IDE397 Product Profile and MAT2A Program Summary:

Monotherapy activity with robust tumor growth inhibition and pharmacodynamic (PD) modulation in multiple endogenous MTAP-/- in vivo models
Monotherapy activity and tumor regression in HCT116 MTAP-/- xenograft model
No changes in liver enzymes or increased unconjugated bilirubin levels observed in preclinical studies
Favorable physicochemical properties and pharmacokinetics observed across multiple species
MAT2A program enabled by structure-based drug design; over 17 high resolution co-crystal structures have been resolved to enable lead optimization
About MAT2A and MTAP-Deletion:
MTAP-null cells lack the ability to metabolize 5-methylthioadenosine, or MTA, which is an essential step in a biochemical pathway involved in salvaging metabolite S-adenosyl methionine, or SAM. Increased levels of MTA partially inhibit the methyltransferase PRMT5 for which SAM is the substrate.
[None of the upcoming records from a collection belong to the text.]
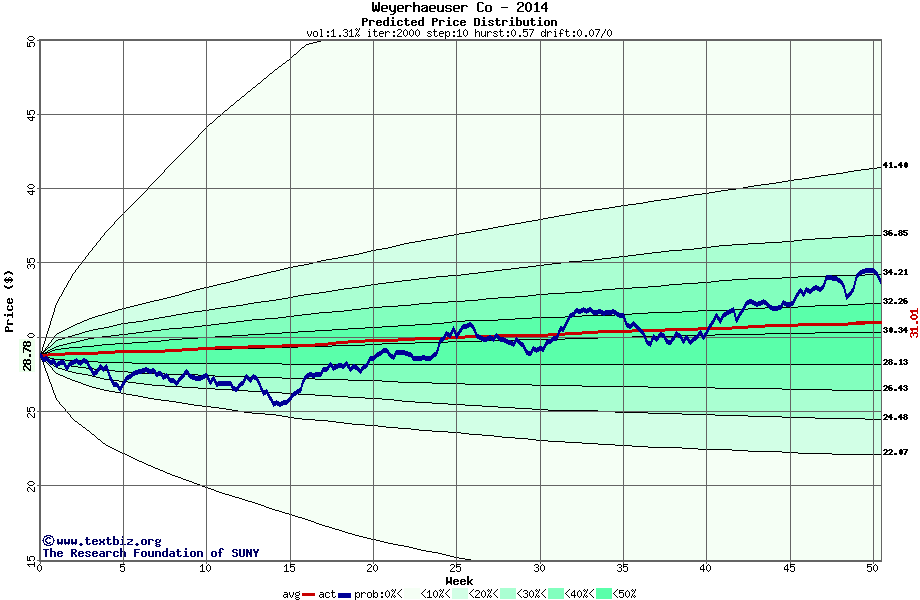 The following graph plots the year-to-date performance of the stock for 2014 compared to the probability calculated by a random walk model.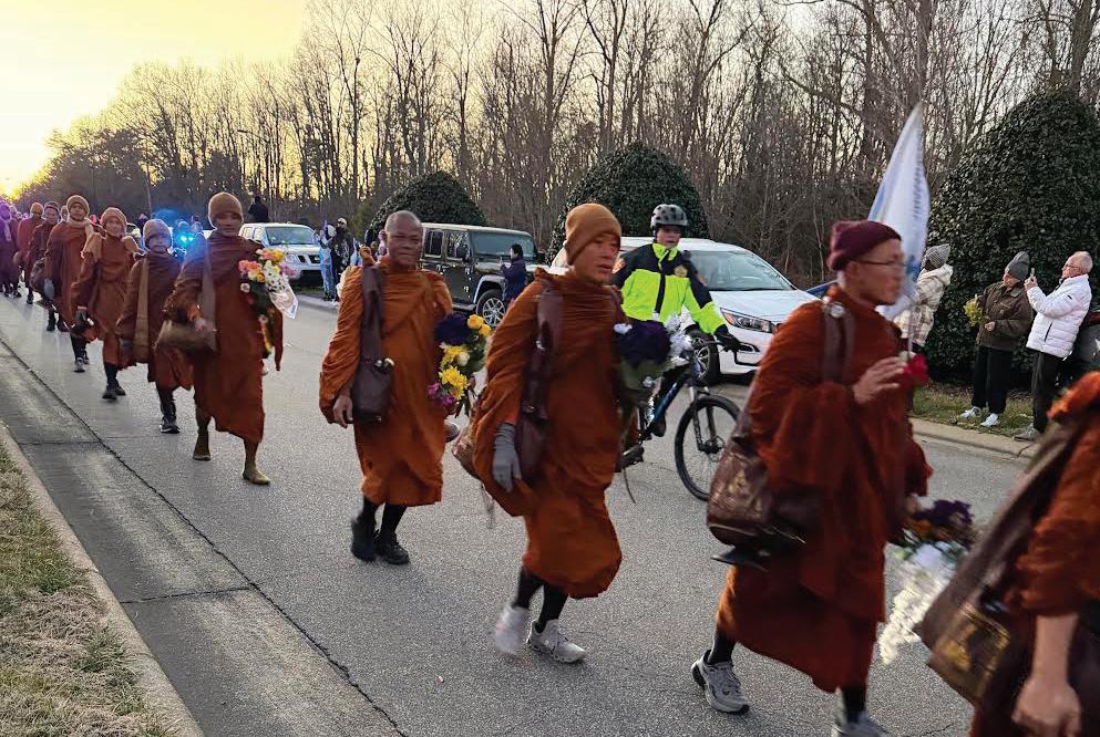 A Walk for Peace that began in Texas Oct. 26, 2025, and is expected to end in Washington, D.C. sometime in mid-February has captured the attention of Americans nationwide. A group of 19 monks from Theravada Buddhist monasteries across the globe and America started the journey from a Vietnamese Buddhist temple in Fort Worth. Once they get to Washington, they plan to ask Congress to recognize Buddha’s day of birth and enlightenment as a federal holiday. Along the way, the monks have held unofficial meet-andgreet sessions at lunchtime and at the end of the day. Their goal is to encourage people to practice mindfulness and find peace within themselves, according to the group’s leader the Venerable Bhikkhu Pannakara. He teaches this, along with forgiveness and healing, at each stop they make.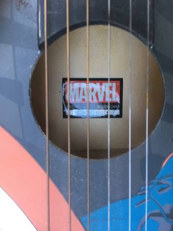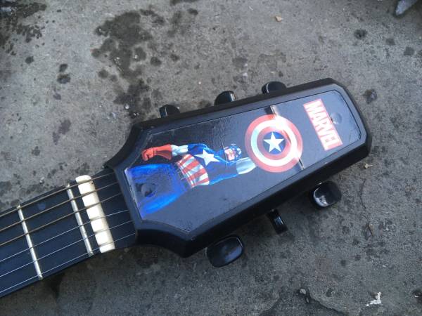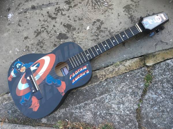 Captain America Marvel acoustic guitar, good condition, plays well, sounds good. Has a plastic safety cap on the headstock to protect youngsters from getting hurt from sharp string ends.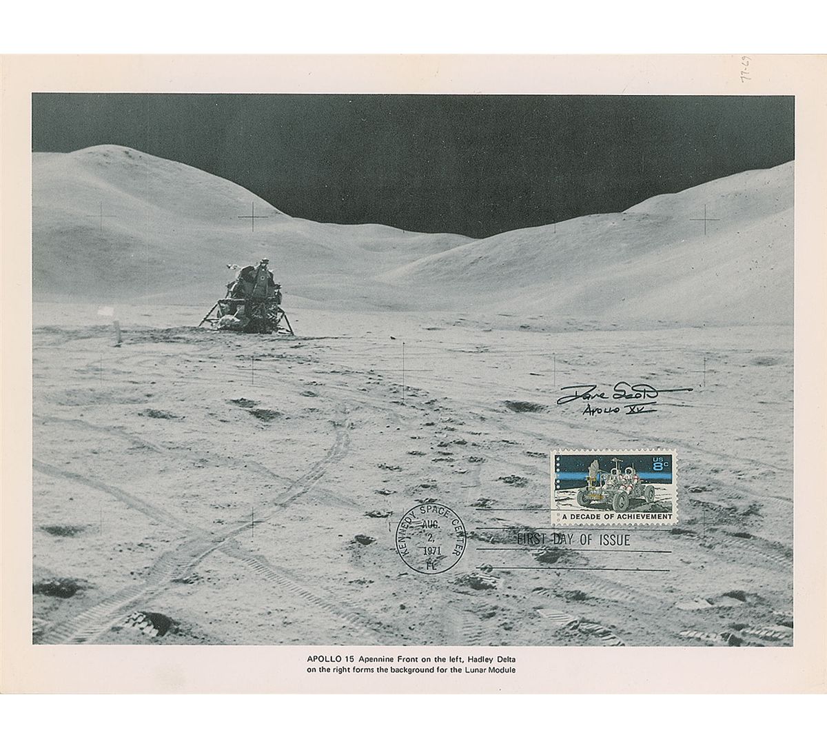 Three 11 x 8.5 lithographs of images from the Apollo 15 mission, all bearing ‘first day’ postal cancellations, including: one of Irwin walking away from the rover, signed in black felt tip, “Jim Irwin, Apollo 15”; one of the Lunar Module, signed in black felt tip, “Dave Scott, Apollo XV”; and one of an astronaut near the rover, signed in black felt tip, “Dave Scott, GT-9, A9, A15.” Light corner tip dings, a couple small pencil notations to borders, and irregular adhesion to the Irwin signature and one Scott signature, otherwise overall fine condition.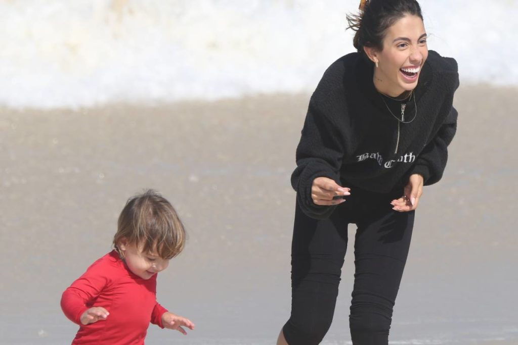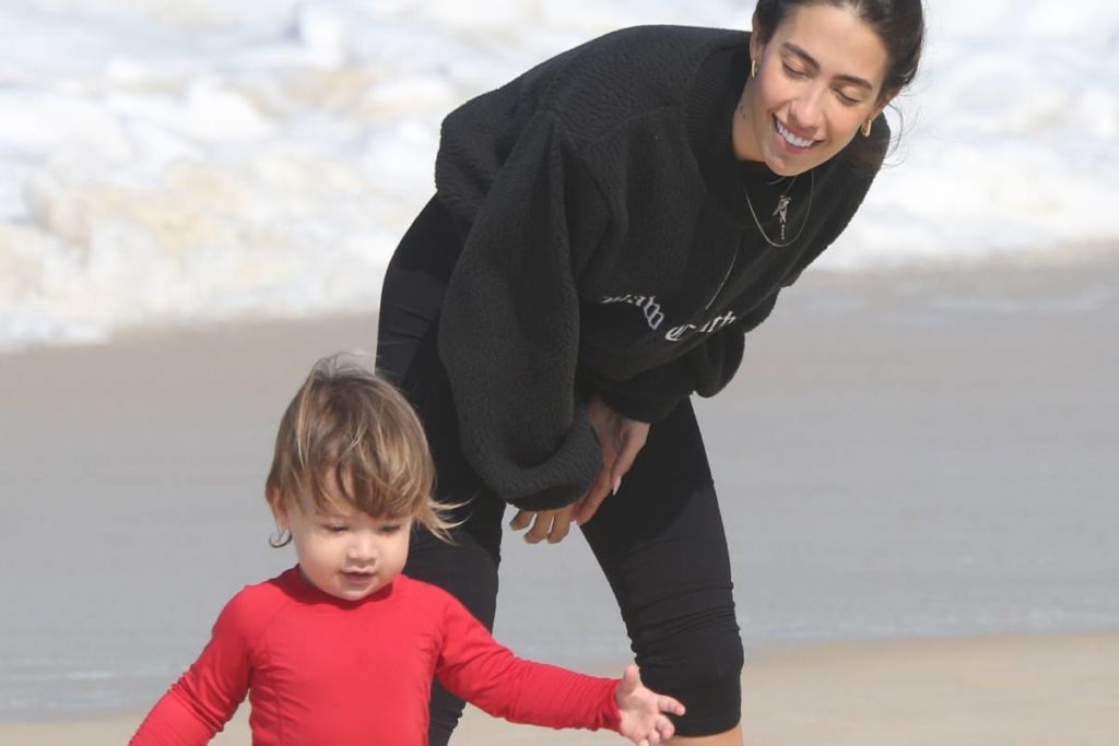 Gabi Brandt brinca com o filho e curte dia de praia na Barra da Tijuca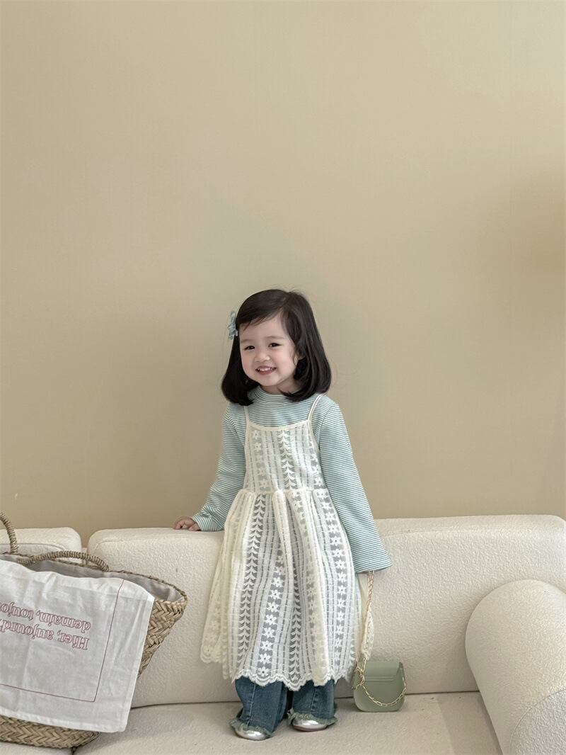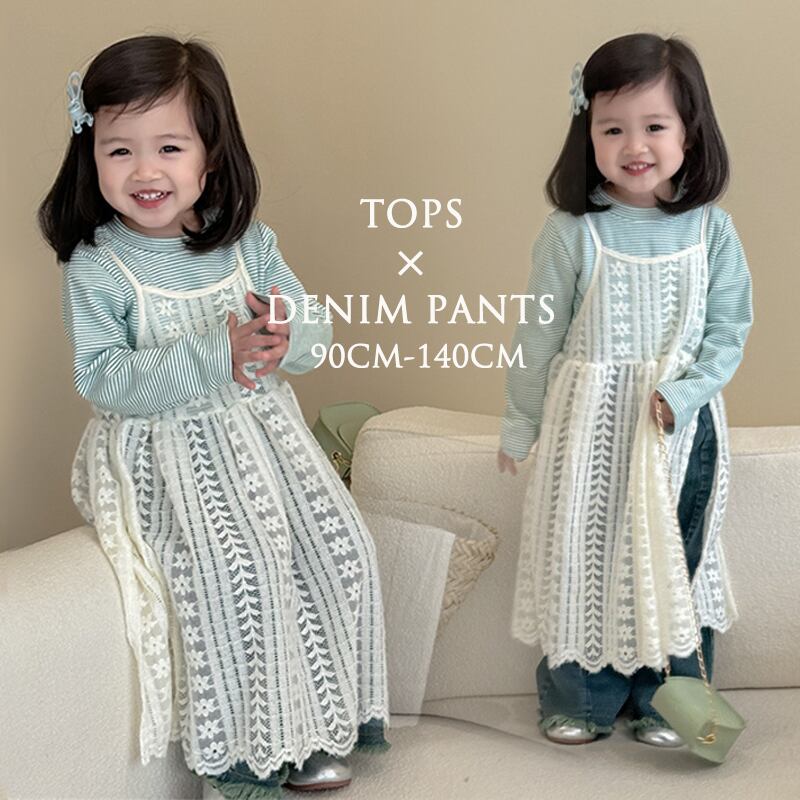 【海外からの取り寄せ】2024新作 韓国子供服 子供 キッズ トップス ストライプ柄 長袖 ジーンズ デニム ボトムス パンツ 可愛い #[kids716_19800]【送料込み】【250706】

This partial inhibition renders MTAP-null cells more dependent on the activity of methionine adenosyltransferase II alpha or MAT2A, an enzyme that is responsible for the synthesis of SAM. Because of this dependence, loss of MTAP results in synthetic lethality when MAT2A is pharmacologically inhibited.

MTAP deletions are prevalent in approximately 15% of all human tumors across various tumor types. Genetic profiling tests for the deletion of MTAP or for the commonly co-deleted gene CDKN2A are commercially available.